= Margaret Haydock =

Margaret Haydock (Sr. Stanislaus, O.S.A.; 1767? – 1854) was a Roman Catholic nun and teacher, whose life exemplified the plight of English Catholic nuns in exile on the Continent during the French Revolution.

==Family background==
Margaret Haydock continued the long tradition of her family in standing firm for her Faith during the Penal Period against Catholics in England. Her ancestors include William Haydock, O. Cist. (1483?–1537) who suffered execution for his participation in the Pilgrimage of Grace, and Blessed George Haydock (1556–1584) executed for serving as a priest.
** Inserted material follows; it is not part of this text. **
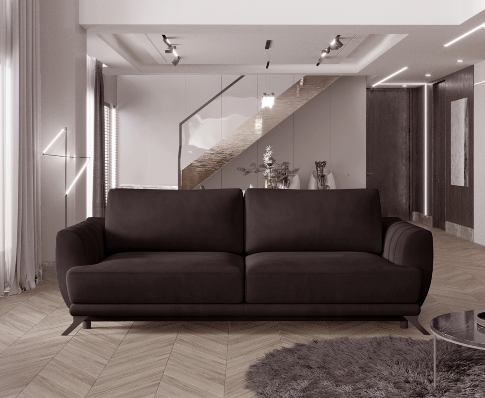 Très joli canapé 3/4 places convertibles en tissu luxe haut de gamme qui vous ravira par son très bon confort. Style épuré et minimaliste et élégant. Avec ses coutures chics. Jolis accoudoirs aux coutures verticales qui donnent un style encore plus exclusif. Pieds hauts de 13 cm qui vous faciliteront le nettoyage sous le canapé. Des dossiers moelleux et spacieux pour une bonne détente. Fabrication européenne de qualité.

Her parents were George Haydock and his second wife, Anne (née Cottam). Along with her brothers James Haydock and George Leo Haydock, both priests, and Thomas Haydock, a noted Catholic publisher, she was a member of a remarkable generation that made an extraordinary contribution to the preservation of Catholicism in England.

==Career as a Roman Catholic nun==
Little is known about Margaret Haydock's early life. She felt the same call to a religious vocation as her brothers James and George Leo. Since Catholic orders were not allowed to serve in England, she went to the convent of Saint Monica that had been established for English Catholic exiles in Louvain. A kinswoman, Jane Haydock, was already serving there and an ancestor, Father Gilbert Haydock (1682–1749) had served there as chaplain. There, on 2 February 1790, she professed as a canonesses regular of the Windesheim Congregation, taking the name Sr. Stanislaus, O.S.A. The nuns there followed the Rule of Saint Augustine and maintained a boarding school for girls.

Hostilities related to the Flanders Campaign precipitated by the French Revolution forced evacuation of the convent in 1794. Sister Stanislaus and her fellow nuns left on 28 June that year and settled in Hammersmith Convent near London, after a perilous escape over land and water via Breda, Rotterdam and Gravesend. In 1800, the nuns moved west to Amesbury, near the prehistoric monument of Stonehenge. After one year there, they settled in St Monica's Priory, Spetisbury in Blandford, Dorsetshire, where they began a boarding school for girls.

Known as Peggy by her family, Sr. Stanislaus frequently wrote to her brothers, although failing eyesight in her later years required her to have others write on her behalf. She died at Spetisbury on 11 April 1854, the last surviving member of St. Monica's convent at Louvain.